300 words with…
Marilena Mela
Lecturer and PhD candidate Faculty of Humanities Vrije Universiteit Amsterdam
Heritage, landscape, and sustainability in four European Islands
Memories and stories of the past are channels through which we connect to our environments. In parallel, multiple traces of the past live on in landscapes, which provide windows into the ways people and environments mutually transformed each other at different times.
Heritage studies recognizes that the understanding of the past relates to courses of action about the future. This aspect is crucial at a time of environmental and social crises, when forms of action towards the “saving” of the planet seem to clash with continuing agendas of expansion, extraction, and growth. Sustainable development strategies seem to rely mostly on technological, top-down solutions of global or national scales, the impact of which is elusive and unevenly distributed. Instead, humanities research puts forward the need to engage with specific landscapes, with the frictions and conflicts produced both by climate change and climate mitigation, and with their (often sustainable) pre-capitalist pasts.

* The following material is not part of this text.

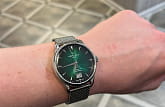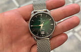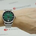 Классическая модель магическим образом притягивает взгляды окружающих благодаря лаконичному циферблату «кошачий глаз» зелёного цвета, привлекательно смотрится стальной браслет миланского плетения. «Юбилейные» наручные часы оснащены популярным калибром ETA Powermatic 80Powermatic 80Эксклюзивный калибр от швейцарской компании ETA с увеличенным запасом хода до 80 часов за счёт удлинённой заводной пружины. Характеризуется улучшенной системой спуска со сниженным трением. Nivachron с запасом хода 80 часов. Изделие отличается повышенной прочностью благодаря двойной системе защиты Double Security, а также устойчивостью к воздействию магнитных полей, что осуществляется спиралью баланса из материала Nivachron. Автоподзавод. Водостойкость 100 метров. . Апертура даты. Диаметр корпуса: 41 мм.

Heritage, memories, and local knowledge are ways to unlock such distinct pasts.
Under these premises, my PhD research looks at relationships between heritage and sustainability in four archipelagoes around Europe: the Wadden Islands in the Netherlands, the Cyclades in Greece, Shetland in Scotland, and the Aeolian Islands in Italy.
"Heritage, memories, and local knowledge are ways to unlock such distinct pasts."
It discovers responses to the environmental crisis expressed as collaborative initiatives, as resistance to top-down planning, or as virtual indifference; and it connects such responses to the long geological and human histories of these places.
This comparative methodology sheds light on alternative and coexisting conceptualizations of human-environment relationships, both in the past and the present. Instead of concrete results, its impact lies with the thick local stories that it tells, inviting the readers (researchers, activists, policymakers, local actors, or other audiences) to participate in the life, troubles, and global-local friction that characterizes the four island landscapes; and in doing so, to think along on established and emergent courses of action around shared environments.

Marilena Mela (1991) is a lecturer and PhD candidate in the Faculty of Humanities of Vrije Universiteit Amsterdam. She is trained in architecture and architectural theory, and she is conducting her PhD within the European project HERILAND which explored the relationships between cultural heritage and spatial planning. She obtained her MSc Architecture Engineering in 2016 and MSc Research in Architecture in 2019.